Accordingly, binary, octal, hexadecimal, decimal number systems (

You don't have to write it down). If the first digit hexadecimal number are A, B, C,

Then an insignificant 0 (zero) is added in front;

● codes of internal microprocessor registers and memory cells

M (sources or receivers of information) in the form of the letters A, B, C,

M or their addresses in any number system (for example, 10B - register address

V binary system);

● identifiers,

for register pairs of aircraft,

The first letters are B,

N; for a pair of accumulator and attribute register -

; for the program counter -

;for the stack pointer -

● labels indicating the addresses of the operands or next instructions in the conditional

(if the condition is met) and unconditional transitions. For example, operand M1 in the command

means the need for an unconditional transition to the command, the address of which in the label field is marked with the identifier M1;

● expressions,

which are constructed by linking the data discussed above using arithmetic and logical operators. Note that the method for reserving data space depends on the language version. Assembly language developers for

Define the word), and later introduced an alternative option.
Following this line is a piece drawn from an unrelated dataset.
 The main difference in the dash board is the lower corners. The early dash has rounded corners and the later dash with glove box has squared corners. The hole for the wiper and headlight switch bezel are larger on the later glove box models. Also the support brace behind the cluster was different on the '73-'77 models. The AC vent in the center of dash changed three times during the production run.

which was in the language for processors from the very beginning

In language version

used

Define a constant).

Processors process operands of different lengths. To define it, the assembler developers adopted different solutions, For example:

II registers of different lengths have different names: EAX - for placing 32-bit operands (type

); AX - for 16-bit (type

and AN - for 8-bit (type

● for processors

Suffixes are added to each operation code: suffix

For type

; suffix ".B" for type

different opcodes are used for operands of different lengths, for example, to load a byte, halfword (

) and words into a 64-bit register using opcodes

respectively.

Comments field.

This field provides explanations about the actions of the program. Comments do not affect the operation of the program and are intended for humans. They may be needed to modify a program, which without such comments may be completely incomprehensible even to experienced programmers. A comment begins with a symbol and is used to explain and document programs. The starting character of a comment can be:

● semicolon (;) in languages for the company’s processors

● exclamation mark (!) in languages for

Each separate comment line is preceded by a leading character.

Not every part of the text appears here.